Demographic consequences of within-year variation in recruitment

Pfister CA

I explored the consequences of variance in the timing of recruitment to early growth and survivorship in a guild of sculpins that occupy intertidal areas on the outer coast of Washington state (USA). When I quantified the appearance of new recruits every month for 3 yr, I found seasonal peaks in recruitment for the 3 most common species in this system, although fishes recruited throughout the spring and summer months. Mark-recapture studies revealed especially strong seasonal growth patterns in 2 of the 3 species, with increased growth rates during the summer months.
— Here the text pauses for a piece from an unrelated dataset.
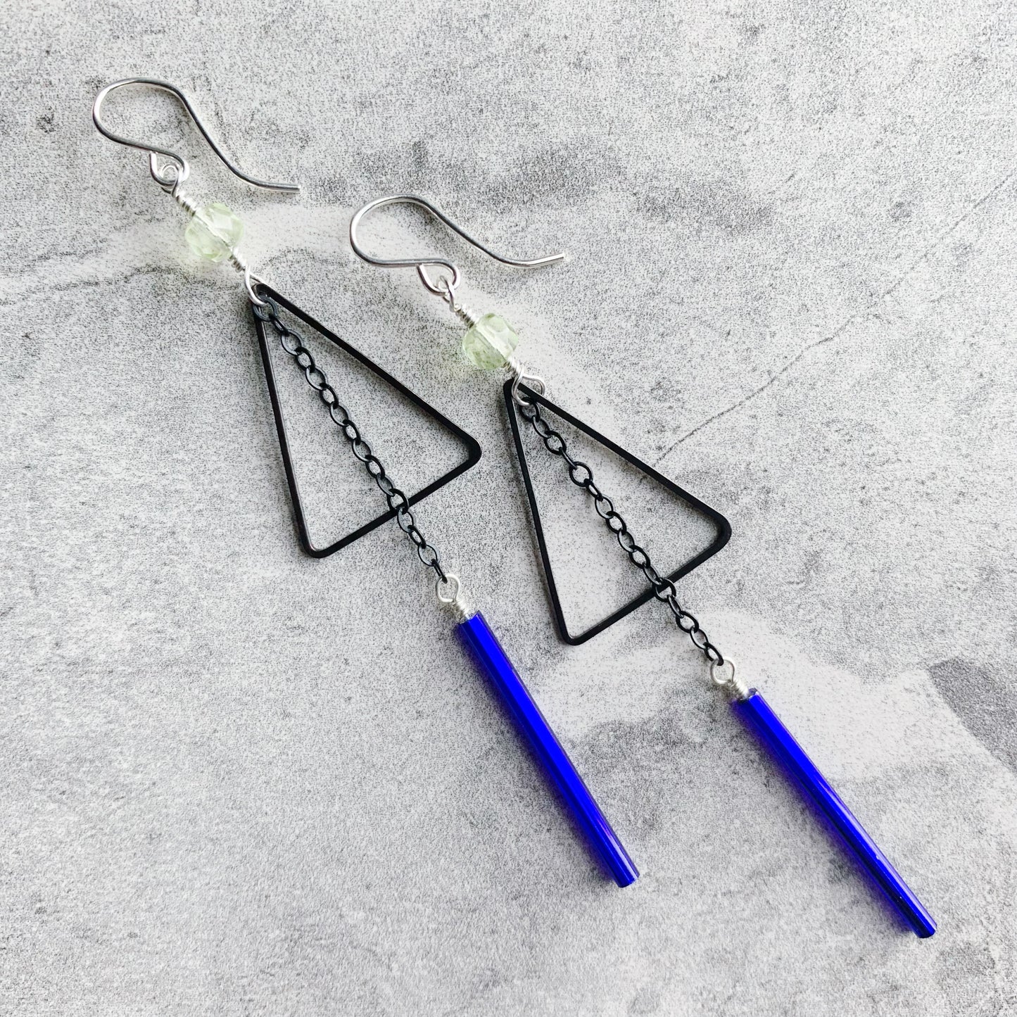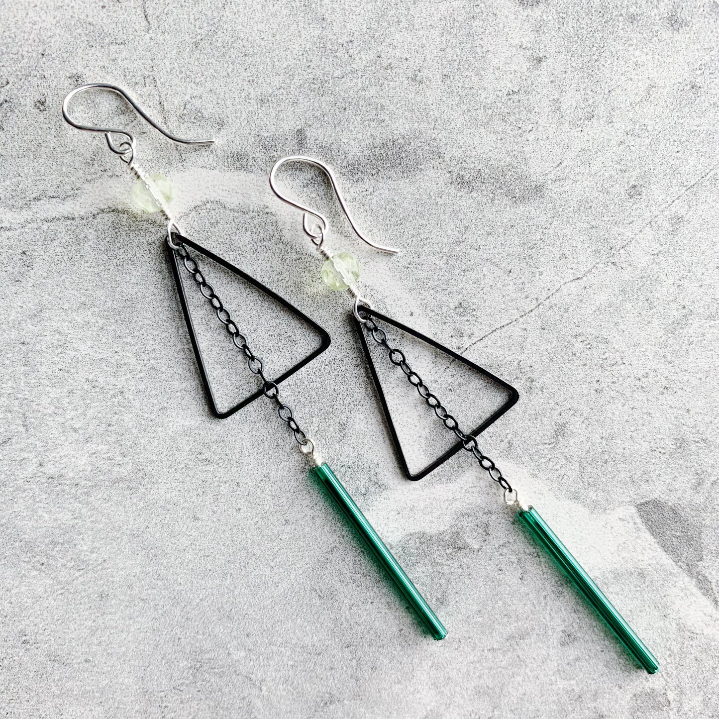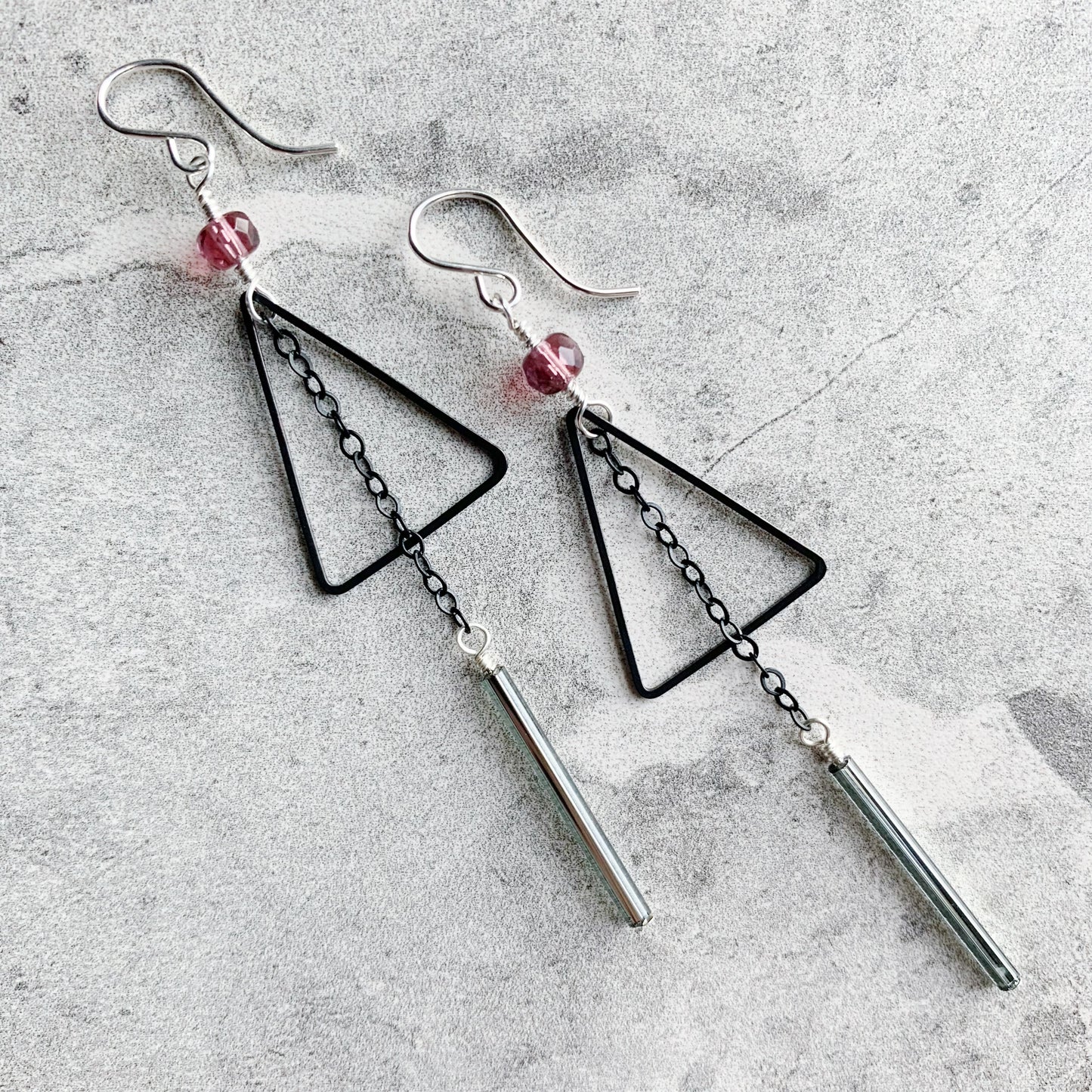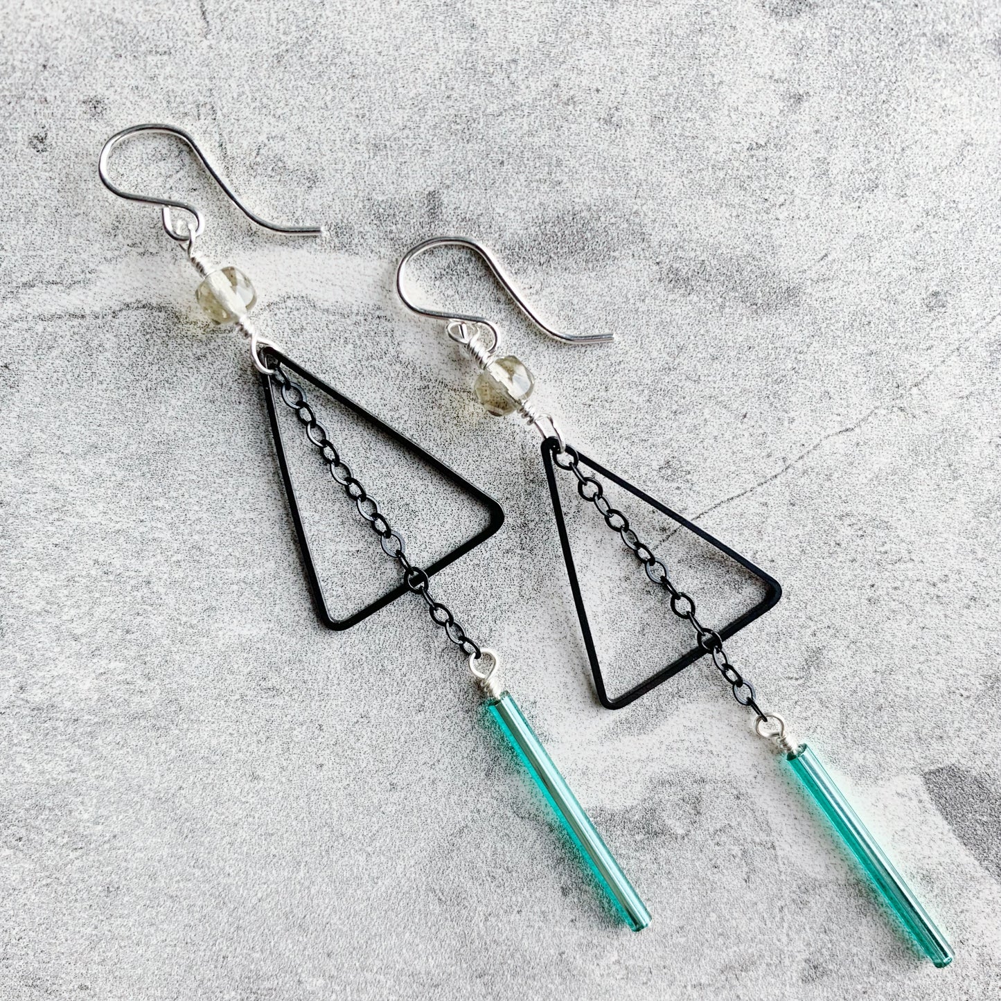 Colorful and lightweight Boho style earrings with tons of sparkle, delicate chain and cool black accents that make those colors pop!

This effect was most pronounced for young-of-the-year fishes. As a consequence, individuals of all species reach reproductive size more rapidly and benefit from higher survivorship to reproductive size when they recruit earlier in the spring and summer. These demographic consequences of within-year recruitment variation appear driven by large-scale oceanographic events, since recruitment in all 3 species can be correlated with upwelling and/or sea surface temperature. Although these results suggest that within-season recruitment variation, via its effect on juvenile performance, may affect the population trajectories of these nearshore fishes, previous research in this system also indicates a strong role for adult survivorship patterns. Thus, understanding the net effect of pelagic events in driving population dynamics of organisms with complex life cycles requires integration of both pelagic and benthic life history events.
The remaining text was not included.